Blumenthal said the state must ensure there’s a workforce ready to do the job and he hopes the federal government “is galvanized to support those state efforts.”
Electric Boat is also gearing up to meet the demands of its lucrative new Ohio-class-replacement contract.
The defense contractor plans to hire 1,500 new workers in Connecticut this year – about 600 of whom will replace employees who are retiring or leaving for other reasons. The company expects to grow a workforce that now numbers 14,100 to about 18,000, when work begins in earnest on the Ohio-class replacement submarine, a behemoth known as the SSBN(X) that is the Navy’s top priority. Ballistic missile submarines are a crucial component of the nation’s nuclear-deterrence arsenal.
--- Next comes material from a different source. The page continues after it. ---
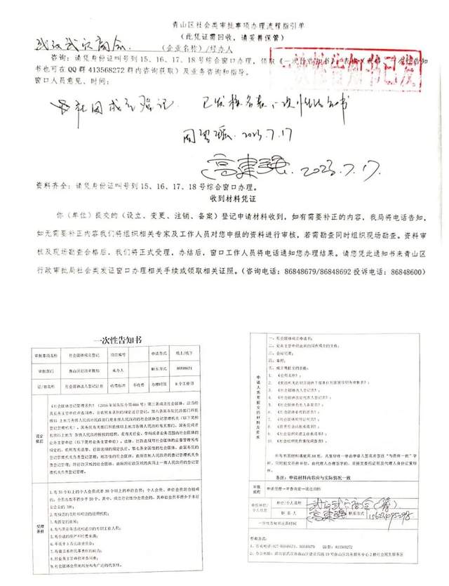 然后,工作人员受理了高建强提供的一系列申请材料,发放了《一次性告知书》和《社会团体名称预先核准申请书》,并就具体的工作流程与高建强作了一番探讨:

Electric Boat will be the lead contractor for 12 SSBN(X)s. The plan is to build one of the subs every several years starting in 2021. The program is expected to cost a total of about $100 billion.
To prepare for that contract, Electric Boat plans to spend $1.5 billion expanding operations in Groton and at its shipyard in Quonset Point, R.I., said Maura Dunn, the company’s vice president of human resources.
“We have a pretty ambitious plan to increase our space on the waterfront,” she said.
Engineers and designers are at work, and already one new structure is in place.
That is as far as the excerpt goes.